Fig. 1 Dianionic 10π ligands for organometallic complexes (upper) and positional numbering and hapticity definition of pentalenides (lower).

Bis(η⁸-pentalenide) sandwich compounds [M(η⁸-C₈H_n(R)_6−n)₂] have been reported for Ti, Zr, Hf, Ce, Th, and U.¹⁸ These formal 20 electron complexes typically feature a staggered conformation with some degree of folding of the pentalenide around its bridgehead carbons (CB, C₇–C₈; Fig. 1).²² We were interested in the f-block chemistry of sandwich structures such as K[Ce^III(η⁸-Pn*)]₂,²³ and M^IV (M = Ce, U, Th) containing [M(η⁸-Pn^†)]₂ (Fig. 2),^24–26 because the ground state electronic structure of cerocene, and also the actinocenes, has been the subject of much debate.²⁷ In particular, comparison of the planar D_8h symmetrical COT²⁻ with the folded D_2h symmetrical Pn²⁻ in the stabilisation of f-block cations should offer further insight into the covalency in f-block bonding.^28–30 The ground state electronic structure of [Ce(COT)₂] is probably best viewed as a mixture of ∼80% Ce^III with an isolated 4f¹ cation coupled to an unpaired electron in the rings' π orbitals, and ∼20% of a state containing the Ce^IV ion sandwiched by two aromatic 10π dianions with significant Ce 4f–ring covalency.^31–33 Pentalenides have also been shown to support pianostool f-block complexes with interesting properties. For example, [(η⁸-Pn^†)Dy^III(η⁵-Cp*)] behaves as a single molecule magnet with an energy barrier of 245 cm⁻¹.³⁴ In related U^III complexes the fold of the Pn²⁻ ligand was noted as important for subsequent reactivity such as dinitrogen reduction to form (N₂)[U(η⁵-Cp*)(η⁸-Pn^†)]₂.^35,36

Fig. 2 F-block bis(pentalenide) sandwich complexes (upper) and geometric definitions of relevant structural parameters (lower).

Here we explore the organometallic lanthanide chemistry of 1,3,4,6-tetraphenylpentalenide Ph₄Pn²⁻ with a range of 4f cations and study the metal–ligand bonding both experimentally and computationally.

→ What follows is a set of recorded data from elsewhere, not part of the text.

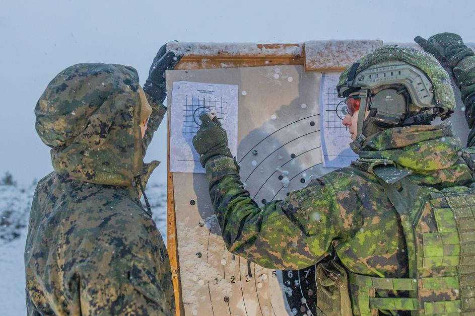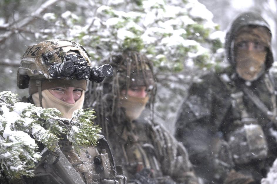 Capt. Andrew Young and 1st Sgt. Dain Cox, assigned to Headquarters and Headquarters Battery, 1st Battalion, 6th Field Artillery Regiment, 41st Field Artillery Brigade familiarize themselves with the terrain around their tactical action center (TAC) during Exercise Joint Viking 25 in Setermoen, Norway, Mar. 02, 2025. The training provided U.S. Soldiers with the skills to operate and maneuver efficiently in an arctic environment. As a multilateral exercise in Norway, Joint Viking 25's goal is to strengthen the U.S. Army's ability to operate with Arctic Allies and rapidly respond to a crisis in Arctic terrain. The exercise involved U.S. Soldiers, Marines and personnel from Norway, the Netherlands, Finland, Germany, Denmark, and Great Britain, focusing on cold weather skills and cooperation with Allied forces. (U.S. Army photo by Capt. Thomas McCarty),Image: 980013836, License: Rights-managed, Restrictions: , Model Release: no
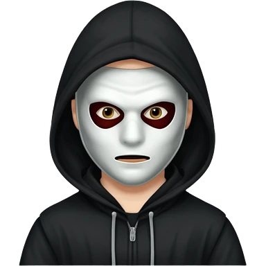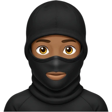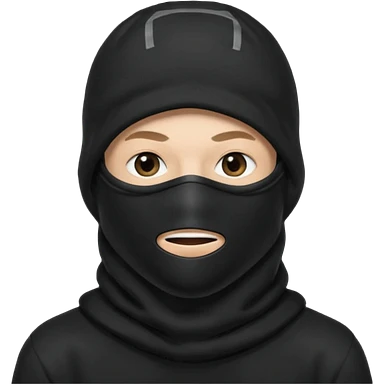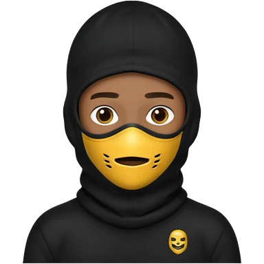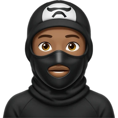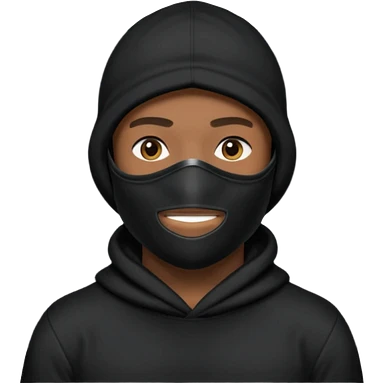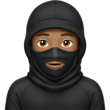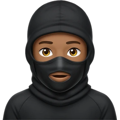 Crie um homem de blusa peta e capuz preto, balaclava preta, boné preto, COM A BALACLAVA COBRINDO A BOCA emoji
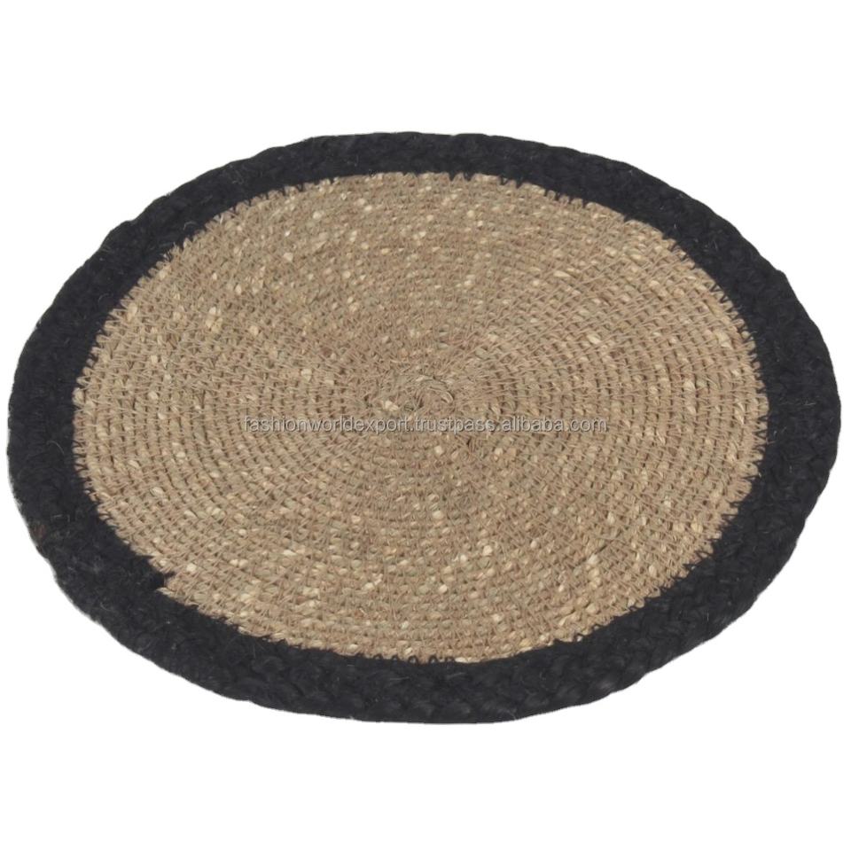 Tapis de table rond en jonc de mer avec bord noir Napperon de salle à manger écologique pour un décor rustique à votre table à manger ou à votre cuisine

Salt metathesis reactions between dilithium, disodium, or dipotassium salts of Ph₄Pn²⁻ reacted cleanly with half an equivalent of anhydrous lanthanide(III) halides in THF or DME to afford the pentalenide Ln sandwich ‘ate’ complexes [M(sol)_m][Ln^III(Ph₄Pn)₂]₂ (1-Ln) for Ln = Y (orange), La (bright orange), Ce (rust-orange), Tb (bright red), Yb (red-orange) (Scheme 1). These are a good representation of the size and Lewis acidity range for the rare earths, with r_covalent(6-coordinate Ln^III) = 0.900 Å (Y), 1.032 Å (La), 1.01 Å (Ce), 0.923 Å (Tb), 0.868 (Yb).³⁷ The reactions proceed most cleanly for the largest Ln, with isolated yields of 76% for 1-La, 87% for 1-Ce, and 77% for 1-Tb, but only a few single crystals could be isolated from the reaction that afforded 1-Yb. ¹H NMR spectroscopic analysis of the crude product solution of the latter suggested the formation of a mixture of products, so further efforts to isolate pure material were not pursued. We have also crystallographically characterized the new DME adducts of Li₂[Ph₄Pn], K₂[Ph₄Pn], and 1-Ln (Fig. S12 and S22, ESI†).

Scheme 1 Synthesis of [M(sol)_m][Ln^III(Ph₄Pn)₂]₂ (1-Ln) for Ln = Y, La, Ce, Tb, Yb from group 1 pentalenide salts (for Ln = Y, M = Li, n = 4, X = Cl, sol = THF, M(sol)_m = Li(DME)₃; for Ln = Ce, M = K, n = 2, X = Br, sol = DME, M(sol)_m = K(DME)₄; for Ln = Yb, M = Na, n = 6, X = Cl, sol = THF, M(sol)_m = Na(THF)₅), synthesis of the Mg analogue of 1-Y, [Mg(THF)₅][Y^III(Ph₄Pn)₂]₂ (2) from a magnesium pentalenide, and a half-sandwich cluster [MgCl(THF)₅][(Y^IIIPh₄Pn)₂(μ-Cl)₅Mg(THF)₄] (3).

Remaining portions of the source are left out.